→ Data section:

--------------------------------------------------

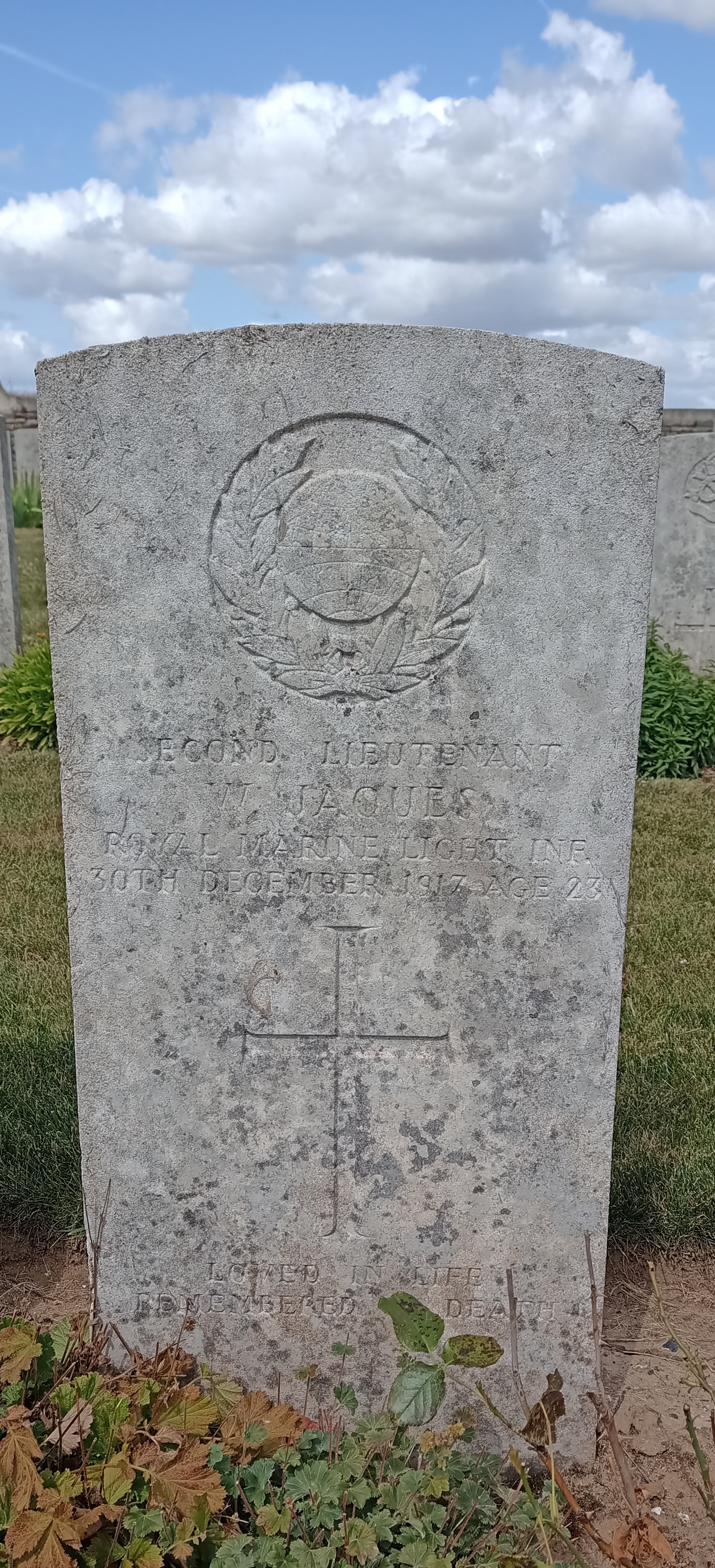 Son of Mr. and Mrs. J. Jaques; husband of Nellie Jaques, of 22, Altar View, Crossflatts, Bingley, Yorks. Native of Bingley.
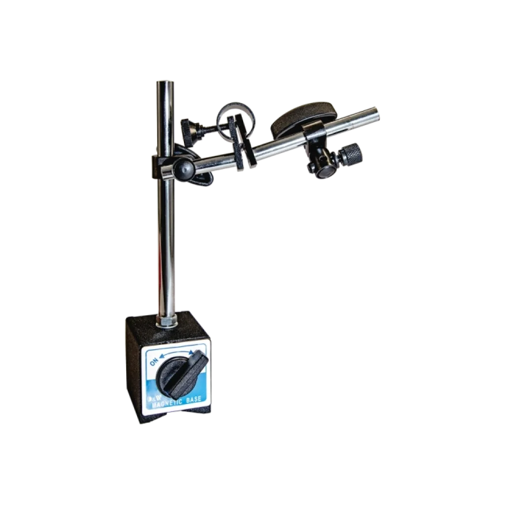 Manyetik tabanı ile metal yüzeylere güçlü şekilde tutunur, yerinden oynamadan ölçüm yapılmasını mümkün kılar. İnce ayar vidası sayesinde pozisyonlamada mikron seviyesinde ayarlama yapılabilir.
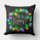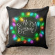 Chalk Drawn Merry and Bright with Lights Throw Pillow
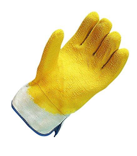 The San Jamar 1000 oyster shucking glove is designed to provide cut protection while shucking and handling oysters. This glove features a heavy-duty textured latex rubber exterior for maximum gripping ability. The cotton lining keeps hands dry and prevents chafing even during extended wear. The liquid-proof latex rubber exterior makes this glove easy to clean. The glove can fit either the left or right hand. One size fits all.

--------------------------------------------------

→ Task brief:
Transcribe the whole of the data exactly, minus any pictures.

→ Final answer:
 Son of Mr. and Mrs. J. Jaques; husband of Nellie Jaques, of 22, Altar View, Crossflatts, Bingley, Yorks. Native of Bingley.
 Manyetik tabanı ile metal yüzeylere güçlü şekilde tutunur, yerinden oynamadan ölçüm yapılmasını mümkün kılar. İnce ayar vidası sayesinde pozisyonlamada mikron seviyesinde ayarlama yapılabilir.
 Chalk Drawn Merry and Bright with Lights Throw Pillow
 The San Jamar 1000 oyster shucking glove is designed to provide cut protection while shucking and handling oysters. This glove features a heavy-duty textured latex rubber exterior for maximum gripping ability. The cotton lining keeps hands dry and prevents chafing even during extended wear. The liquid-proof latex rubber exterior makes this glove easy to clean. The glove can fit either the left or right hand. One size fits all.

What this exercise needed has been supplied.